Auf dem EWE-Messestand in Halle 13 wurden die neuen Möglichkeiten einer intelligenten Energieversorgung erlebbar. Auf seinem als Wohnhaus konzipierten Messestand zeigte EWE eine neue Sicht auf das Energieversorgungssystem von morgen, in dem Haushalte nicht länger nur Energiekonsumenten, sondern auch Energieproduzenten sind. Dabei wird mit der EWE trio smartbox ein Produkt vorgestellt, das diese Entwicklung begleitet. Mit dem intelligenten Energiezähler sind Haushalte in der Lage, ihren Energieverbrauch zu überwachen und teilweise auch aktiv zu steuern. Bereits im November 2009 wurde die EWE trio smartbox von der Deutschen Umwelthilfe als „Eco IT Projekt des Monats" ausgezeichnet. Noch in diesem Jahr kommt die EWE trio smartbox auf den Markt.

 

 

Rittal Live – Das System

Auf der Hannover Messe 2010 präsentierten  Würz und Rittal, beide Unternehmen der Friedhelm Loh Group, ein völlig autarkes Rechenzentrum.

Mit der Kombination aus einem Blockheizkraftwerk (BHKW) von Würz und dem  Data Center Container der Schwesterfirma Rittal bieten die Unternehmen erstmals eine völlig autarke Anlage an, die überall eingesetzt werden kann. Die beiden Unternehmen der Friedhelm Loh Group sind die ersten Anbieter, die ein von vorhandener Infrastruktur unabhängiges Rechenzentrum aus einer Hand im Angebot haben. Das BHKW erzeugt umweltfreundlichen Strom, der direkt ins angeschlossene Rechenzentrum gespeist wird.
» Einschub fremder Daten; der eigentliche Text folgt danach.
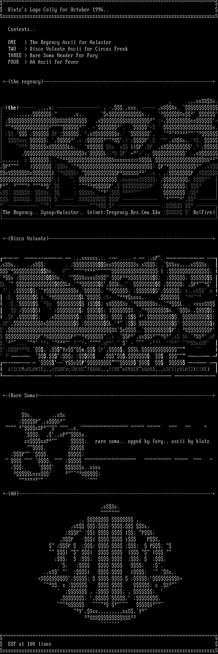 Blatzs Logo Colly for October 1996.. SssssssssssssssssssssssssssssssssssssssssssssssssssssssssssssssssssssssssssssssS Contents.. ONE The Regency Ascii for Halaster TWO Disco Volante Ascii for Circus Freak THREE Rare Soma Header For Fury FOUR AA Ascii for Fever
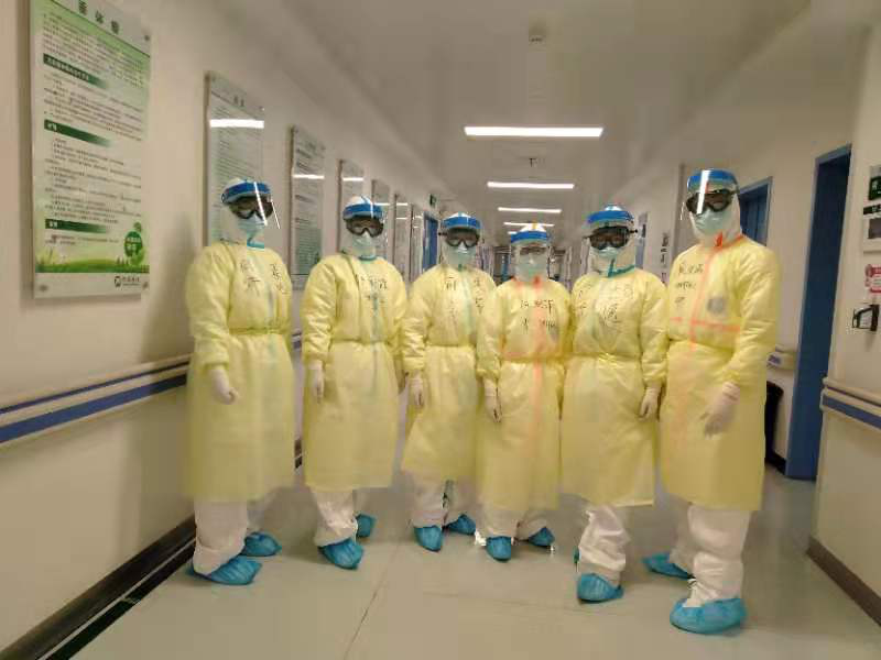 排班的事解决了,上班的事更好说。我很清楚地记得,我们团队上班的第一天,踏进隔离病房,听到里面的老师介绍病人情况。1-24床是相对较轻的病人,25-54床是较重的病人时,组长刘艳老师还没来得及说话,大家就自报家门,“我是中心ICU的,我有重症经验”“我来自急诊科,我也能管重症”“我在隔离病房工作过”……那一刻,我觉得很感动,在风险这么大的战场,没有谁拈轻怕重,每个人都想尽自己所能地去帮助患者,照顾同伴。最终,我们形成了“组长+RT”负责25-30床的急危重症患者(这里的病人最重),一名重症护士加一名普通病房护士,或2名普通病房护士共同管理1-24床,2名有重症经验的护士负责31-54床的工作模式。每次上班,不需要组长发话,我们会根据自身情况,合理搭配,这样的结果就是每个人都是主动选择、自愿分组的。大家的工作积极性都很高,团队的协作性也发挥得特别好。经常有病人对我们说“真的看不出你们是外地来支援的护士,我觉得你们对一切都很熟悉,好像本来就是在这里工作的,对什么都充满了底气,这使我们也有底气了”。一个团队,如果能用自己的精神风貌去激励他人,那这个团队,一定是个极其优秀的团队,我很骄傲,我们护理五队就是这样一个优秀的团队。

Dabei ist die Kombination aus Container-Rechenzentrum und BHKW aus zwei Gründen besonders vorteilhaft. Erstens unterliegt der Einsatz eines BHKW zur Stromerzeugung der staatlichen Förderung. Zweitens nutzt Rittal die Abwärme des Kraftwerks, um die IT-Geräte zu kühlen.

Das Brennstoffzellensystem RiCell Flex von Rittal ist für den Hermes Award 2010 nominiert worden.

 

 

 

 

 

 

 

 

 

 

 

 

 

 

 

Blockheizkraftwerk der Firma Würz

der nano Truck

Unter dem Motto "Hightech aus dem Nanokosmos" machte der neu konzipierte nano Truck die rasanten Entwicklungen dieser Zukunftstechnologie unmittelbar erlebbar.An jedem der fünf Messetage stand im nanoTruck ein anderes Anwendungsfeld im Rampenlicht: Die Fahrzeugtechnik ebenso wie Produktinnovationen im Sport- und Freizeitbereich, ressourcensparende Energiegewinnung, nanotechnische Verfahren im Umweltschutz und beeindruckende Fortschritte in der Nano-Medizin.

 

 

Die massiven Behinderungen im internationalen Luftverkehr zeigten Folgen bei Ausstellern und Besuchern. Auf Grund der Flugverbote war es allerdings für rund 300 Aussteller unmöglich, ihre Stände noch rechtzeitig zu besetzen. Vor allem Aussteller aus Asien und Amerika konnten nicht nach Hannover reisen. Das weltweite Flugchaos über Europa wirkte sich auch auf die Besucherzahlen aus.

Die Zahl der Besucher aus dem Ausland ist deshalb um etwa die Hälfte gesunken. Deutlich spürbar waren auch die Rückgänge bei den Besuchern aus Übersee, hier insbesondere aus Asien und Nordamerika.

Die Asche-Wolke hatte den internationalen Flugverkehr lahmgelegt - aber nicht die HANNOVER MESSE.